- _TASK PROMPT_
An exact transcription of the entries is required, with none of the pictures carried over.

- _DATASET EXCERPTS_

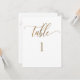 Help your guests find their table with this elegant modern white and gold table number. Double-sided cards. Clear space all around gives you the liberty to use a table holder or frame. Attractive "table" in modern handwritten calligraphy in faux gold foil print. Background color in white, which can be changed to another color by editing the design to match seating chart cards and menus available. Use the template text box provided to add and change the table number. Please place an individual order for each of your table numbers (i.e. for an event with three tables, you would need to place an order with table number one, add to the shopping cart, then come back add number two for table two, add into shopping cart, come back and add number 3 for table number three, add into shopping cart, and now that order is complete proceed to payment). Coordinating table seating plan cards with guest names, as well as slim guest name place cards, are also available. Part of our "Elegant Calligraphy Minimalist Wedding Stationery" collection. Visit the entire collection at: https://www.zazzle.com/collections/elegant_calligraphy_minimalist_wedding_stationery-119497981924462546
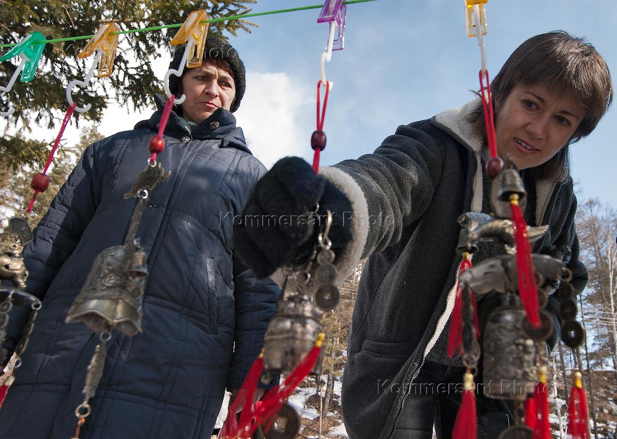 Продажа туристам сувениров-оберегов на берегу озера Байкал.
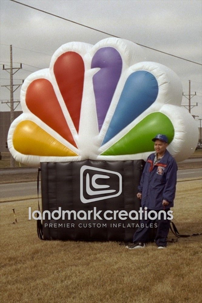 This signature Peacock logo for television station NBC was made into an inflatable display for outdoor events. Inflatable logos like this one bring high visibility to crowds of all sizes at different types of events.
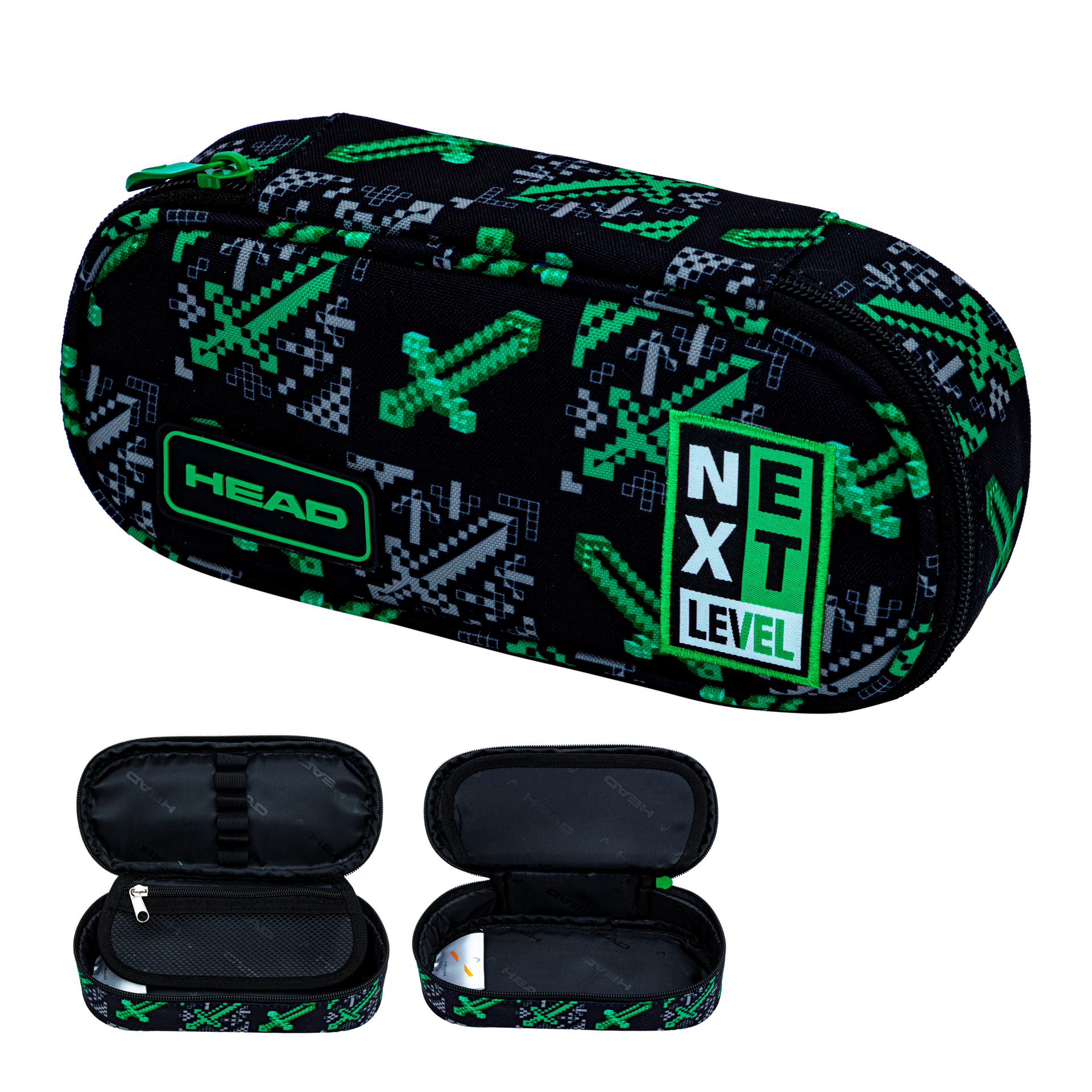 Pojemny piórnik HEAD z serii Next Level to idealne rozwiązanie dla fanów pikselowego stylu i nowoczesnego designu. Jego dynamiczny wzór z mieczami w stylu gier komputerowych wyróżnia się na tle klasycznych modeli, a solidne wykonanie zapewnia długotrwałe użytkowanie.
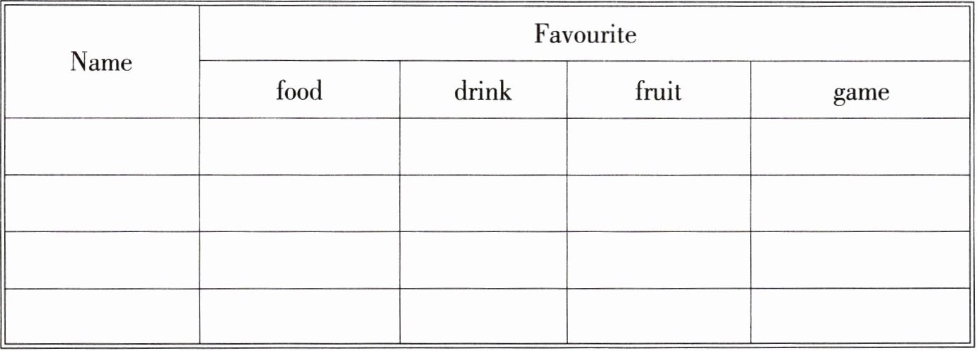 这道题目是考查英语对话编写以及根据喜好完成表格的能力,属于英语五年级的常见题型。首先需要根据自己和好朋友的喜好完成表格,然后根据表格内容和给定句式编写对话。完成表格时需要明确每个人最喜欢的食物、饮料、水果和游戏;编写对话时要运用给定的句式,将表格中的信息融入进去。
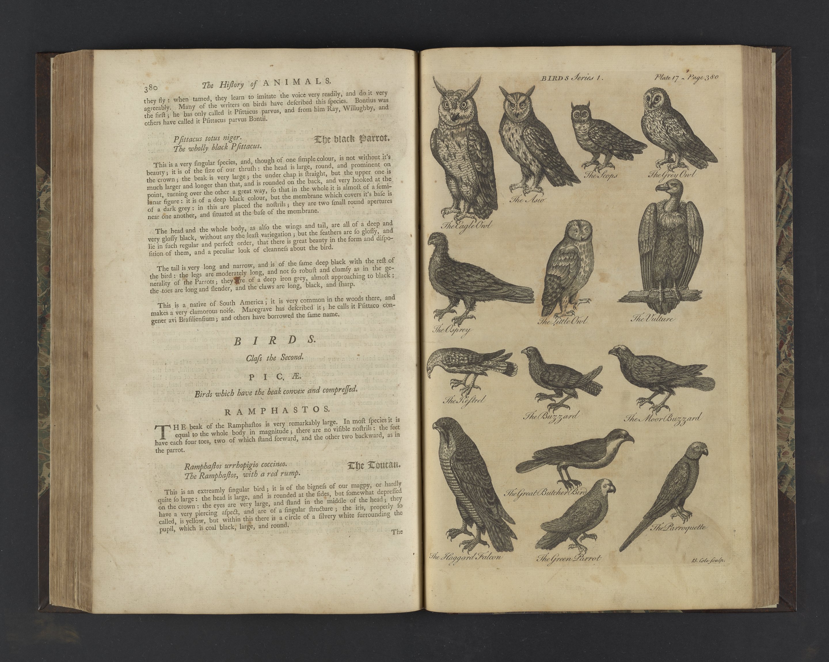 Hill, John. “Plate 17: Birds (Series 1).” In An History of Animals: Containing Descriptions of the Birds, Beasts, Fishes, and Insects, of the Several Parts of the World. London, England, 1752. https://digital.sciencehistory.org/works/pwrbzww.
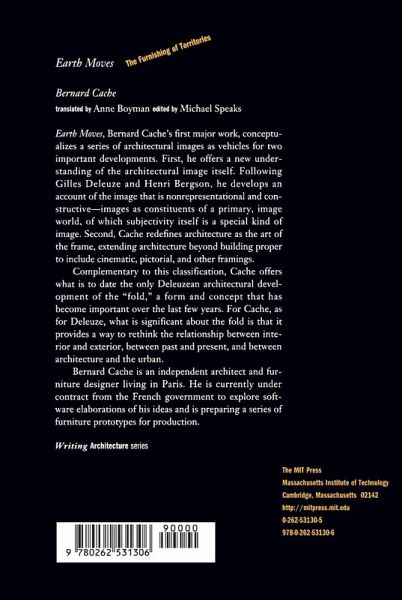 Earth Moves, Bernard Cache's first major work, conceptualizes a series of architectural images as vehicles for two important developments. First, he offers a new understanding of the architectural image itself. Following Gilles Deleuze and Henri Bergson, he develops an account of the image that is nonrepresentational and constructive—images as constituents of a primary, image world, of which subjectivity itself is a special kind of image. Second, Cache redefines architecture beyond building proper to include cinematic, pictoral, and other framings.Complementary to this classification, Cache offers what is to date the only Deleuzean architectural development of the "fold," a form and concept that has become important over the last few years. For Cache, as for Deleuze, what is significant about the fold is that it provides a way to rethink the relationship between interior and exterior, between past and present, and between architecture and the urban.
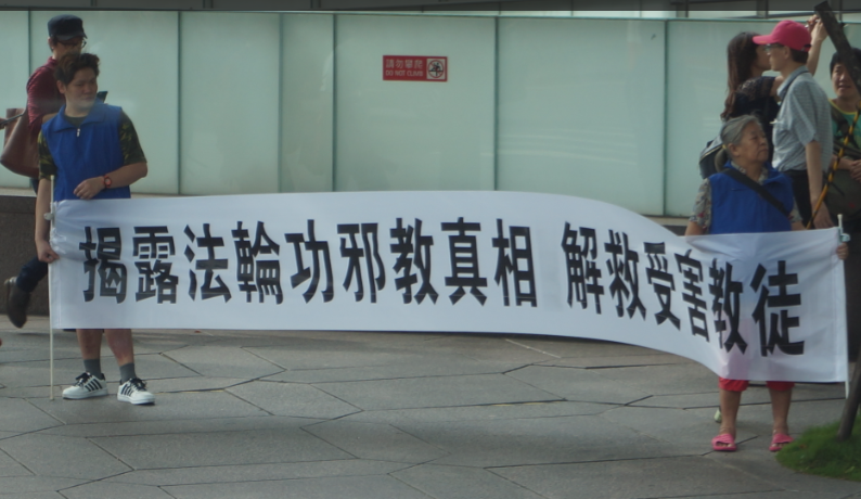 横幅“神棍李洪志编造邪法愚弄台湾民众”

- _ANSWER BOX_
 Help your guests find their table with this elegant modern white and gold table number. Double-sided cards. Clear space all around gives you the liberty to use a table holder or frame. Attractive "table" in modern handwritten calligraphy in faux gold foil print. Background color in white, which can be changed to another color by editing the design to match seating chart cards and menus available. Use the template text box provided to add and change the table number. Please place an individual order for each of your table numbers (i.e. for an event with three tables, you would need to place an order with table number one, add to the shopping cart, then come back add number two for table two, add into shopping cart, come back and add number 3 for table number three, add into shopping cart, and now that order is complete proceed to payment). Coordinating table seating plan cards with guest names, as well as slim guest name place cards, are also available. Part of our "Elegant Calligraphy Minimalist Wedding Stationery" collection. Visit the entire collection at: https://www.zazzle.com/collections/elegant_calligraphy_minimalist_wedding_stationery-119497981924462546
 Продажа туристам сувениров-оберегов на берегу озера Байкал.
 This signature Peacock logo for television station NBC was made into an inflatable display for outdoor events. Inflatable logos like this one bring high visibility to crowds of all sizes at different types of events.
 Pojemny piórnik HEAD z serii Next Level to idealne rozwiązanie dla fanów pikselowego stylu i nowoczesnego designu. Jego dynamiczny wzór z mieczami w stylu gier komputerowych wyróżnia się na tle klasycznych modeli, a solidne wykonanie zapewnia długotrwałe użytkowanie.
 这道题目是考查英语对话编写以及根据喜好完成表格的能力,属于英语五年级的常见题型。首先需要根据自己和好朋友的喜好完成表格,然后根据表格内容和给定句式编写对话。完成表格时需要明确每个人最喜欢的食物、饮料、水果和游戏;编写对话时要运用给定的句式,将表格中的信息融入进去。
 Hill, John. “Plate 17: Birds (Series 1).” In An History of Animals: Containing Descriptions of the Birds, Beasts, Fishes, and Insects, of the Several Parts of the World. London, England, 1752. https://digital.sciencehistory.org/works/pwrbzww.
 Earth Moves, Bernard Cache's first major work, conceptualizes a series of architectural images as vehicles for two important developments. First, he offers a new understanding of the architectural image itself. Following Gilles Deleuze and Henri Bergson, he develops an account of the image that is nonrepresentational and constructive—images as constituents of a primary, image world, of which subjectivity itself is a special kind of image. Second, Cache redefines architecture beyond building proper to include cinematic, pictoral, and other framings.Complementary to this classification, Cache offers what is to date the only Deleuzean architectural development of the "fold," a form and concept that has become important over the last few years. For Cache, as for Deleuze, what is significant about the fold is that it provides a way to rethink the relationship between interior and exterior, between past and present, and between architecture and the urban.
 横幅“神棍李洪志编造邪法愚弄台湾民众”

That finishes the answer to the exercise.